> WHAT YOU ARE ASKED TO DO: The entries that follow should be repeated exactly, with no pictures kept.

> RAW DATA:

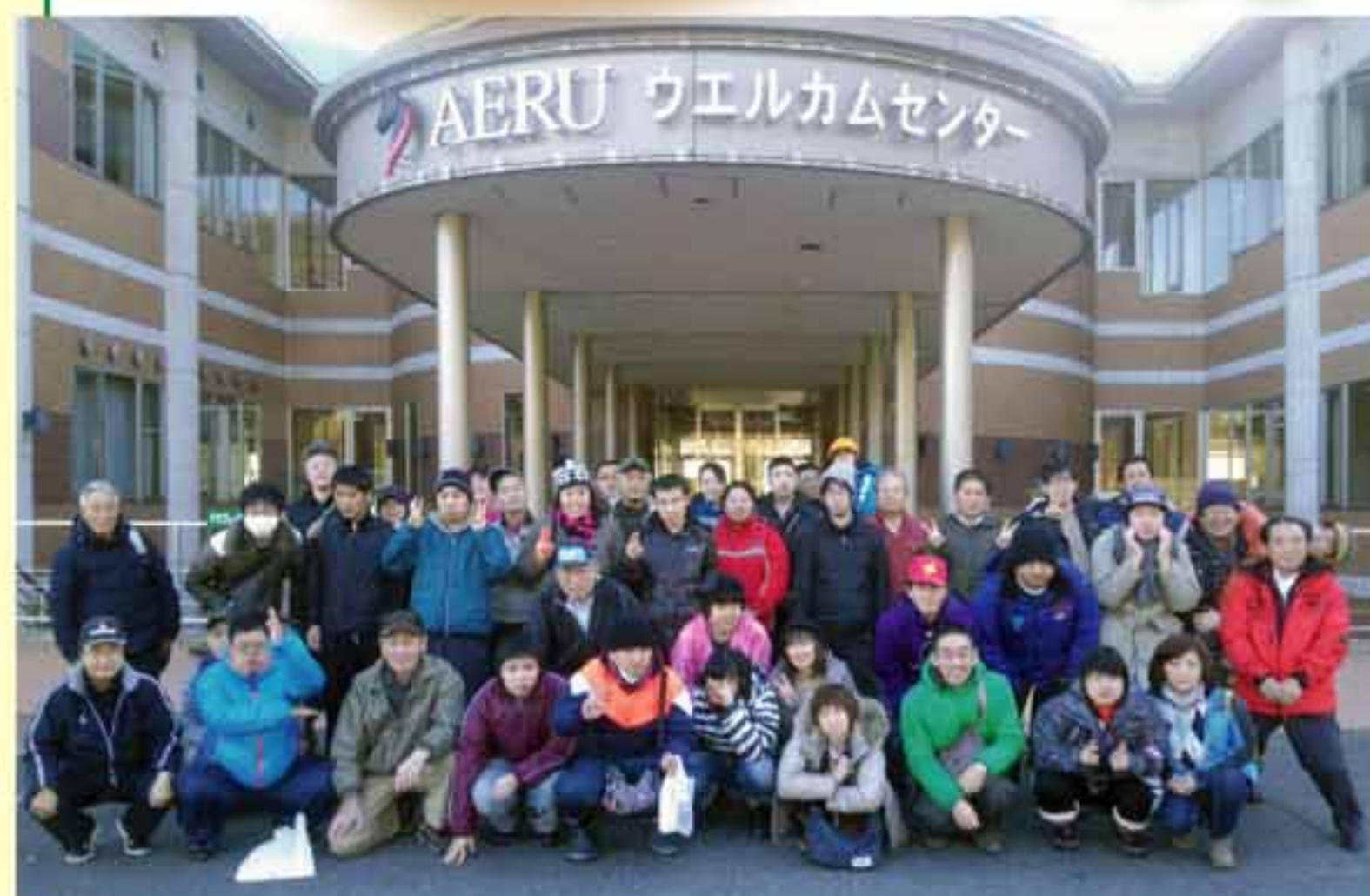
宿泊したホテル「うらかわ優駿ビレッジAERU」前にて

各地から本格的な雪の便りも届くこの時期、昨年に続き今年も釣りとパークゴルフを楽しむ旅行会が初冬の日高路を舞台に開かれました。
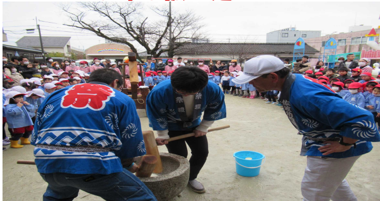
第46回 お餅つき大会
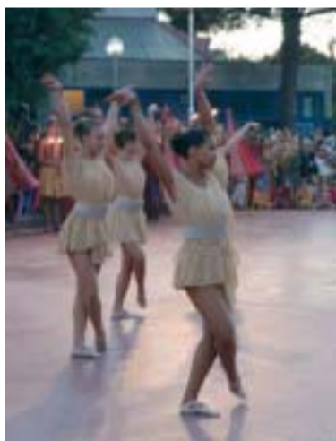
Danzatrici in esibizione
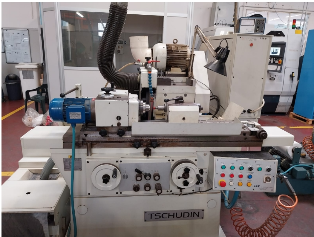
Foto zona di lavoro
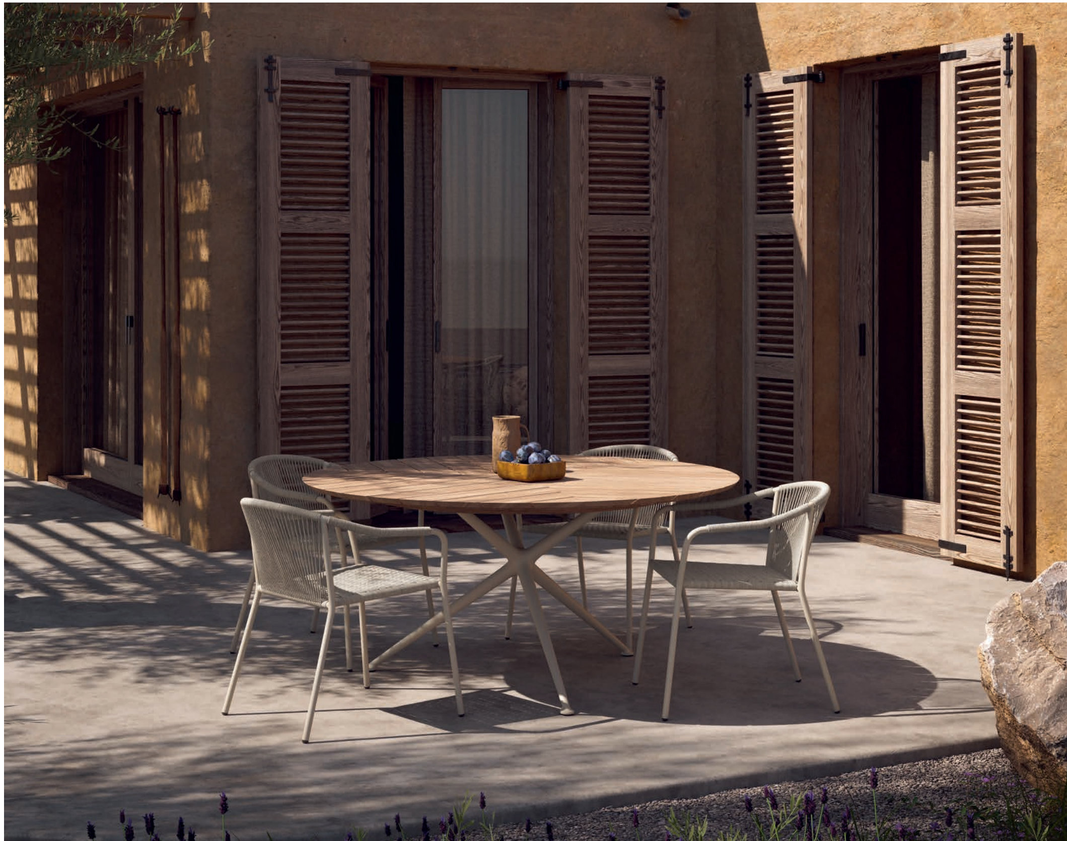
126 SAMBA 55 DINING CHAIRS - EXES 160 DINING TABLE
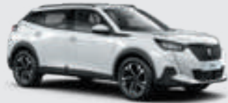
BANQUISE | WPP0 | לבן בנקיז

לרשותך עומד מגוון רחב של צבעים שיאפשר לך להביע את עצמך באופן מלא.
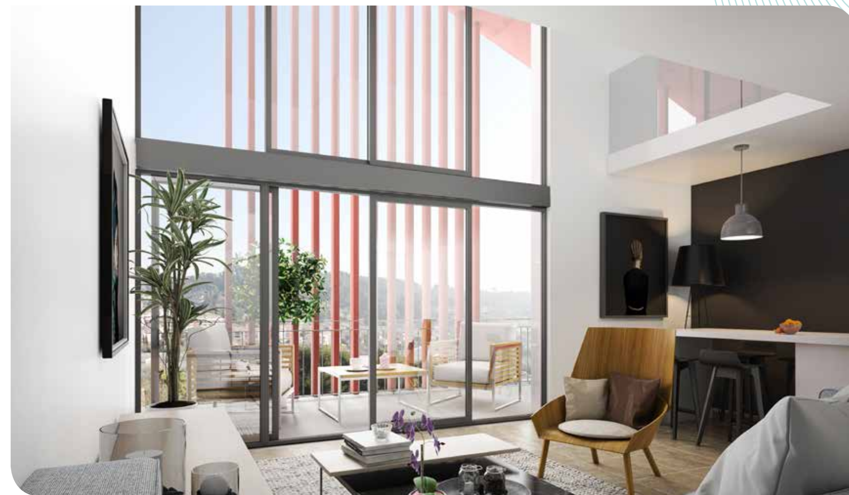
Intérieur d'une villa duplex
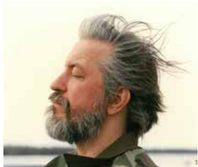
Lepo Sumera © Arvo Iho
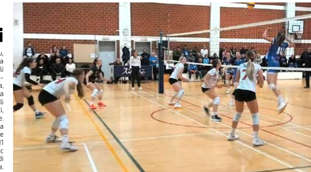
Seniorke u utakmici s gošćama iz OK Velika Gorica

Ivančanke su odlično otvorile utakmicu te prvi set dobile s 25:15, drugi s 25:21 i treći s 25:18. Utakmica je trajala samo 62 minute, a trener Nikola Grbić dao je priliku svim igračicama da iskoriste svoju minutažu i daju svoj udio u pobjedi. U utakmici 4. kola Ivanec 2 je u Varaždinu poražen od Cratisa 2 s 0:3. Vodeća ekipa 2. HOL Sjever je Kaštel iz Pribislavca, dok se ŽOK Ivanec 2 nalazi na šestom mjestu.(nn)
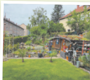
Peter aus Linz
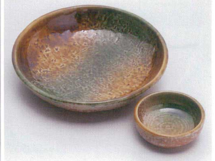
10-305-742 2,150円 黄瀬戸織部刺身鉢(16.4×3.4) 1001940574 10-306-742 900円 黄瀬戸織部丸千代口(6.7×2.5) 1001940674
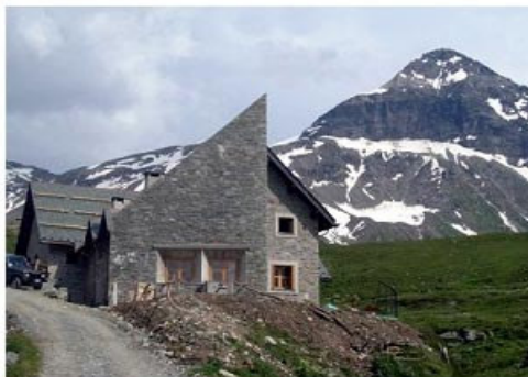
Il rifugio Ca' Runcasch

Per raggiungere il rifugio Zoia si devia a destra per portarsi su di un dosso, poi ci si abbassa con molte svolte tra enormi roccioni punteggiati dalle prime conifere (palestra di roccia attrezzata) e si giunge al rifugio
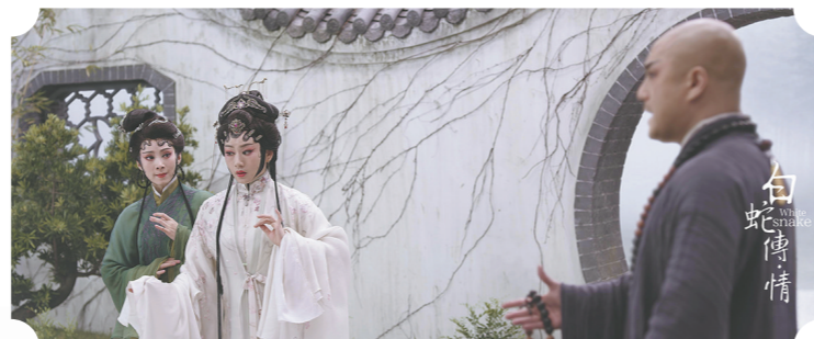
以粤剧形式再现《白蛇传》

> ANSWER TO THE PROBLEM:
宿泊したホテル「うらかわ優駿ビレッジAERU」前にて

各地から本格的な雪の便りも届くこの時期、昨年に続き今年も釣りとパークゴルフを楽しむ旅行会が初冬の日高路を舞台に開かれました。
第46回 お餅つき大会
Danzatrici in esibizione
Foto zona di lavoro
126 SAMBA 55 DINING CHAIRS - EXES 160 DINING TABLE
BANQUISE | WPP0 | לבן בנקיז

לרשותך עומד מגוון רחב של צבעים שיאפשר לך להביע את עצמך באופן מלא.
Intérieur d'une villa duplex
Lepo Sumera © Arvo Iho
Seniorke u utakmici s gošćama iz OK Velika Gorica

Ivančanke su odlično otvorile utakmicu te prvi set dobile s 25:15, drugi s 25:21 i treći s 25:18. Utakmica je trajala samo 62 minute, a trener Nikola Grbić dao je priliku svim igračicama da iskoriste svoju minutažu i daju svoj udio u pobjedi. U utakmici 4. kola Ivanec 2 je u Varaždinu poražen od Cratisa 2 s 0:3. Vodeća ekipa 2. HOL Sjever je Kaštel iz Pribislavca, dok se ŽOK Ivanec 2 nalazi na šestom mjestu.(nn)
Peter aus Linz
10-305-742 2,150円 黄瀬戸織部刺身鉢(16.4×3.4) 1001940574 10-306-742 900円 黄瀬戸織部丸千代口(6.7×2.5) 1001940674
Il rifugio Ca' Runcasch

Per raggiungere il rifugio Zoia si devia a destra per portarsi su di un dosso, poi ci si abbassa con molte svolte tra enormi roccioni punteggiati dalle prime conifere (palestra di roccia attrezzata) e si giunge al rifugio
以粤剧形式再现《白蛇传》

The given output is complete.